Overall Architecture

PersonaX divides the work into two stages: "data construction" followed by "analysis." The data construction stage collects two complementary datasets from public sources (the athlete dataset AthlePersona and the celebrity dataset CelebPersona). It uses rigorously selected and prompt-calibrated LLMs to infer the Big Five behavior traits for each individual. Each record is organized as a "behavior trait text + facial embedding + biographical metadata" triplet, and only embeddings subjected to invertible transformations are released to protect privacy. The analysis stage uses a two-layer framework to reveal cross-modal relationships: Level I performs statistical independence tests on structured variables (trait scores, physical traits, geography, etc.) to identify true correlations; Level II performs Causal Representation Learning (CRL) on unstructured image/text embeddings to recover underlying latent variables and their causal structures, supported by identifiability proofs ensuring the learned latent variables are semantic causal factors.

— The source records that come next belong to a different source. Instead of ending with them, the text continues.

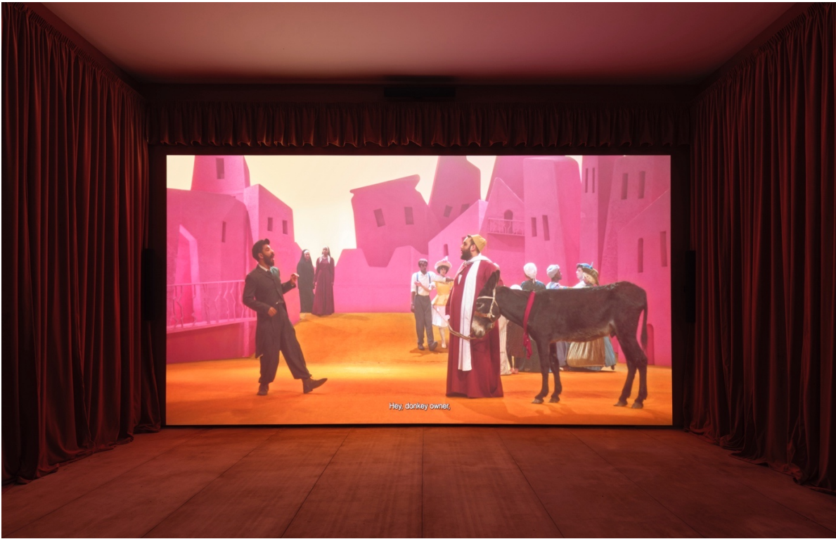
Wael Shawky, Drama 1882 , 2024 © Wael Shawky. Courtesy of Sfeir-Semler Gallery, Lisson Gallery, Lia Rumma, and Barakat Contemporary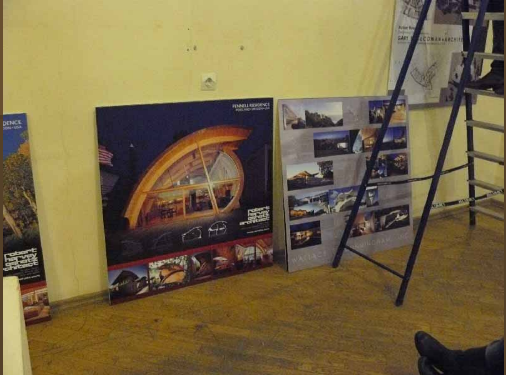
preparing the exhibition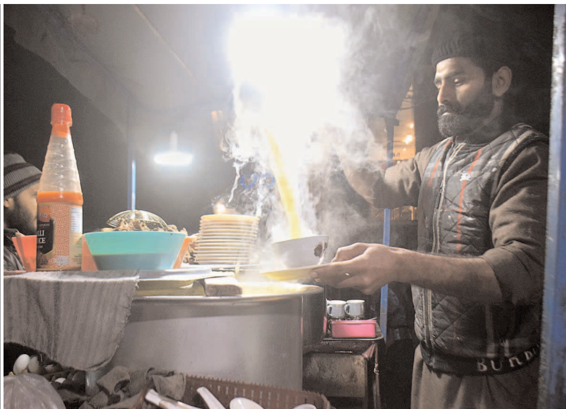
LAHORE: A vendor displaying chicken soup to attract the customers at his roadside setup during winter season in the Provincial Capital.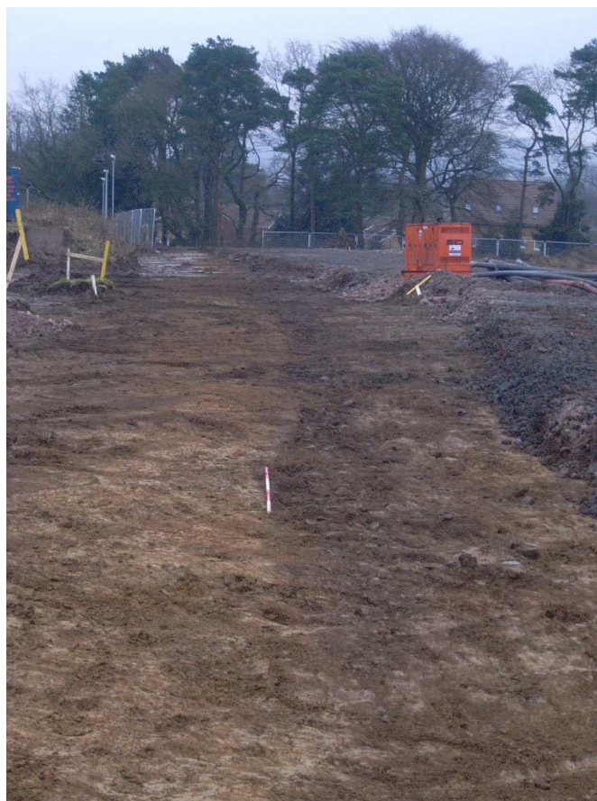
Plate 2: Area 1, Field boundary 104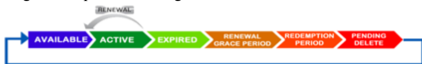
Figure 1: Domain name lifecycle

Domain name under .GH lifecycle is represented by figure1. The duration of each stage follows those of gTLD 1 represented at figure 2.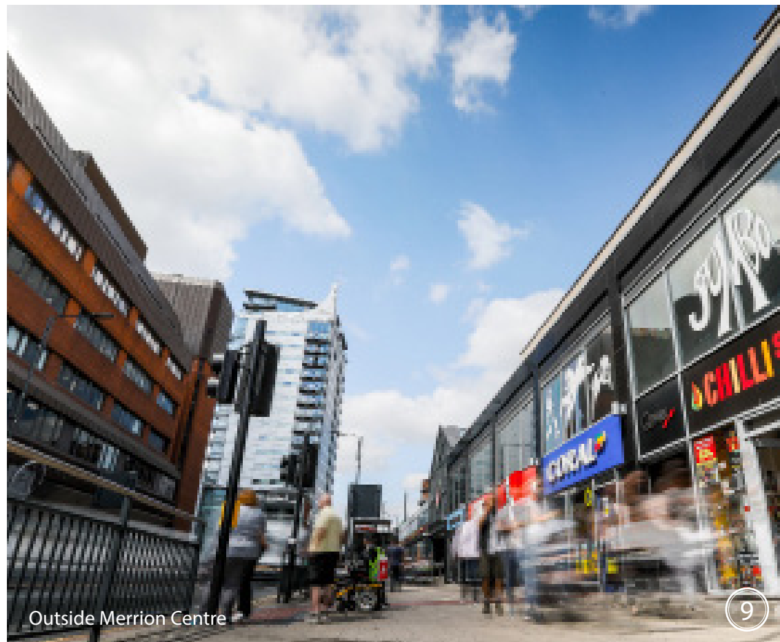
Outside Merrion Centre

You'll never be lost for things to do and places to visit, for example, you might want to visit one of the museums, spend the day at one of the sports centres, or go to a local park and enjoy the great outdoors as well as having a change of scenery while studying.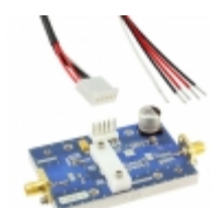
CGHV40030-TB Cree/Wolfspeed TEST FIXTURE FOR CGHV40030F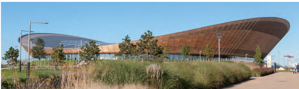
▲ 位於倫敦奧林匹克公園的室內自行車館，也是採用「雙曲拋物面」的幾何設計 The velodrome cycling arena located in the London Olympic Park also adopts 'hyperbolic paraboloid' in its design

數學家認為數學是萬物之本。柏拉圖深信幾何多面體是宇宙的根源，在1600年，有德國天文學家以「柏拉圖多面體」精密地推算行星與太陽之間的距離。區教授說：「連薯片本身都有數學原理，它一面彎曲向上，相反的那面彎曲向下，我們稱之為『雙曲拋物面』。因為它雙重彎曲，有助於平衡物件的張力和壓力，任何一處受壓，都可以把壓力傳遞至四周，所以薯片雖然薄，卻有令人意想不到的強度。」建築界亦巧妙地應用薯片的幾何原理，讓建築物可以把重量分散，這些重量最終會傳遞到地面。區教授鼓勵學生多觀察身邊事物，便能體會數學天地之無垠。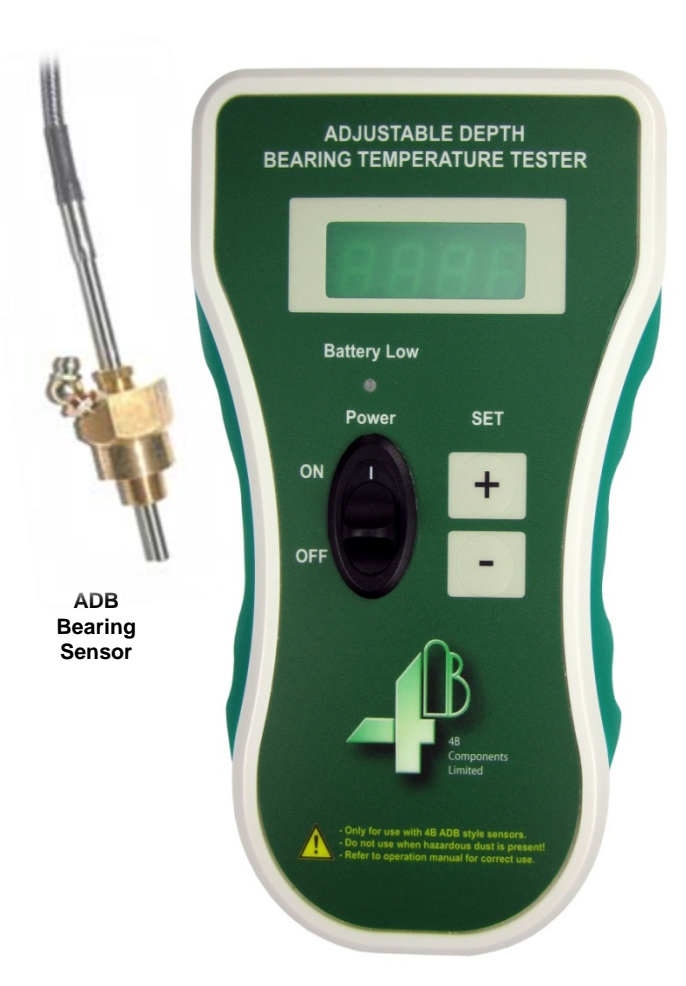
ADB Hand Held Test Unit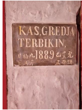
Fig. 12: Carving of ancient Indonesian writing in the temple room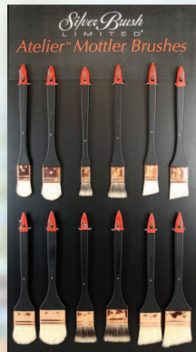
BADGER BLEND AND WHITE BRISTLE

This ultimately outputs cross-modal causal chains such as "Confidence → Facial Expression."

%%{init: {'flowchart': {'rankSpacing': 24, 'nodeSpacing': 28, 'padding': 6, 'wrappingWidth': 400, 'subGraphTitleMargin': {'top': 8, 'bottom': 16}}}}%%
flowchart TD
    IN["Public Sources<br/>Athlete Websites / CelebA+WikiData"]
    subgraph BUILD["Dataset Construction for Three-modal Records"]
        direction TB
        COL["Collect Bio/Physical/Facial Images<br/>+ Facial/Textual Attributes"]
        LLM["LLM Selection & Prompt Calibration<br/>Three-model Voting for Big Five Inference"]
        REC["Structure Three-modal Records<br/>+ Release Invertible Transformed Embeddings"]
        COL --> LLM --> REC
    end
    IN --> COL
    REC --> L1["Level I Structured Independence Test<br/>Five Tests to Identify Dependencies"]
    REC --> L2["Level II Multimodal Multi-measurement CRL<br/>Recover Latent Variables + Identifiability"]
    L1 -->|Dependency Graph as Prior| L2
    L2 --> OUT["Cross-modal Causal Structure<br/>Confidence → Facial Expression, etc."]

Key Designs

1. Dataset Construction for Three-modal Records: Providing Multimodal Foundations for Behavior Traits with Secure Release

For behavior traits to be analyzed at scale, they must be linked to observable signals like faces and biography within the same record without compromising the identities of individuals. AthlePersona collects biography (name, DOB, nationality), physical traits (height, weight), and facial images of 4,181 male professional athletes from seven major league websites (NBA, NFL, NHL, ATP, PGA, Premier League, Bundesliga), geocoding nationality into coordinates. CelebPersona, based on CelebA, links 9,444 public figures to WikiData entities for biographical completion and retains 10 attributes reflecting stable appearance (e.g., Big Nose, High Cheekbones) from the original 40, discarding transient attributes (e.g., Heavy Makeup). Each record integrates three components: LLM-inferred behavior trait text descriptions and Big Five scores, facial images with attribute labels, and structured biographical metadata. To balance "analyzability" and "privacy," the dataset does not release raw images or text—facial images are converted to 1024-dimensional ImageBind embeddings, and text to 3584-dimensional gte-Qwen2 embeddings. Both undergo an invertible transformation layer for obfuscation, while categorical variables are converted to indices. This transformation ensures statistical and causal structures required for downstream analysis remain intact while preventing raw content recovery.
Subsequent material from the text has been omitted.